> WHAT TO DO:
Your output should be the lines from the one containing "All SMS logs" through the end of the listing, exact and inclusive, with no pictures.

> EXTRACTED MATERIAL:
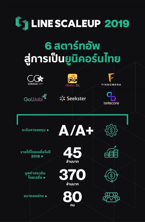 โดยทั้ง 6 สตาร์ทอัพสามารถนำเสนอแผนธุรกิจได้อย่างดีเยี่ยม และล้วนมีพื้นฐานองค์ประกอบด้านองค์กรและด้านธุรกิจที่ค่อนข้างดี มีความเป็นไปได้ในการต่อยอดสู่สตาร์ทอัพชั้นนำของประเทศ และที่สำคัญสู่การเป็นยูนิคอร์นตัวแรกของประเทศไทย โดยหลังจากนี้ นอกจากสตาร์ทอัพทั้ง 6 ทีมจะได้รับสิทธิพิเศษในการเข้าใช้แพลตฟอร์มและเทคโนโลยีของLINE แล้ว พวกเขาจะได้เข้าสู่ LINE ScaleUp Camp ที่อัดแน่นไปด้วยการอบรม, Coaching เชิงลึกทั้งในด้านเทคโนโลยี ด้านธุรกิจ และด้านการลงทุน รวมไปถึงทริปสุดพิเศษเพื่อพบปะพูดคุย เรียนรู้จากสตาร์ทอัพระดับยูนิคอร์นตัวจริงในต่างแดนตลอดเดือนกรกฏาคม – ตุลาคมนี้ เพื่อบ่มเพาะให้สตาร์ทอัพทั้ง 6 สามารถประยุกต์ใช้ความรู้ ประสบการณ์และทักษะที่ได้พัฒนาธุรกิจตนเองให้ก้าวไกลสู่ระดับยูนิคอร์น โดยจะทำการคัดเลือกเพื่อหาทีมสตาร์ทอัพที่ดีที่สุดในเดือนพฤศจิกายนต่อไป
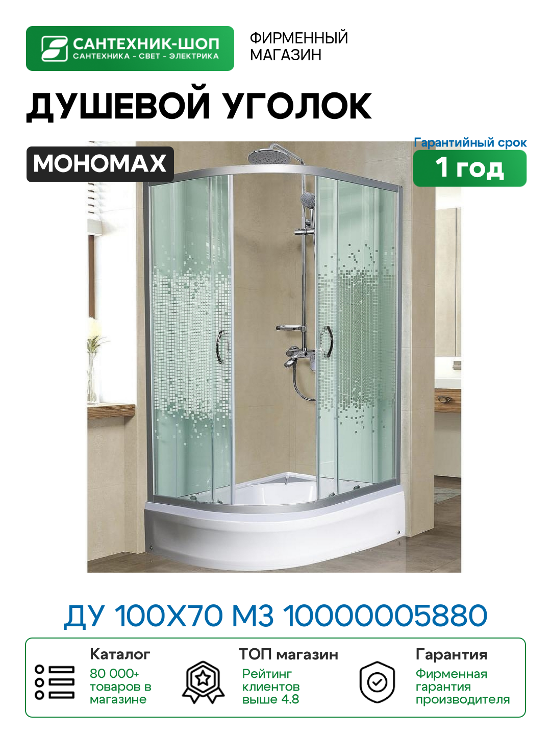 Душевой уголок Мономах ДУ 100×70 МЗ 10000005880 профиль Хром матовый стекло прозрачное с рисунком: сравнение цен, характеристики, фото, актуальное наличие и цены.
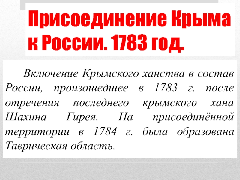 последнего крымского хана Шахина Гирея. На присоединённой территории в 1784 г. была образована Таврическая область.
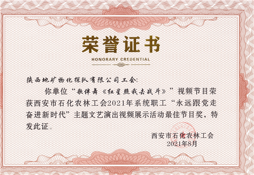 物化探隊工會“永遠跟黨走 奮進新時代”主題文藝表演視頻活動獲獎喜報
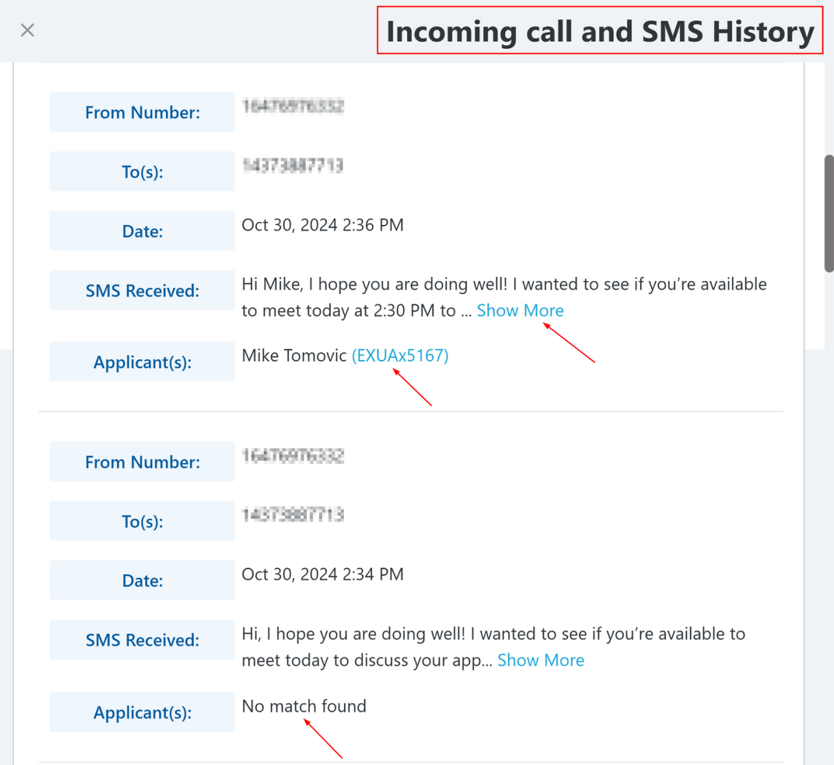 All SMS logs are captured in the “Incoming Call and SMS History” section of the SMS History tab. This includes SMS logs that are not linked to a specific lead or deal.
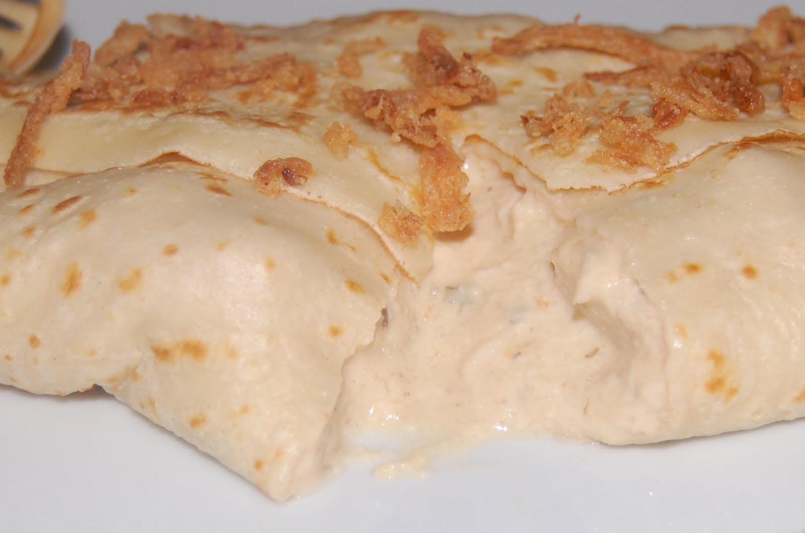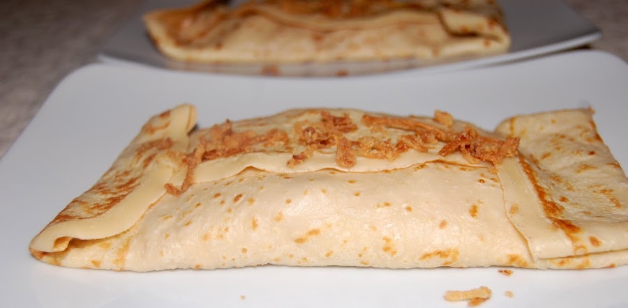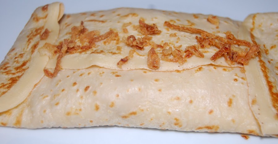 Rellenamos los crepes con la salsa y ponemos por encima la cebolla frita para ensaladas o hot dogs

> WRITTEN SOLUTION:
 All SMS logs are captured in the “Incoming Call and SMS History” section of the SMS History tab. This includes SMS logs that are not linked to a specific lead or deal.
 Rellenamos los crepes con la salsa y ponemos por encima la cebolla frita para ensaladas o hot dogs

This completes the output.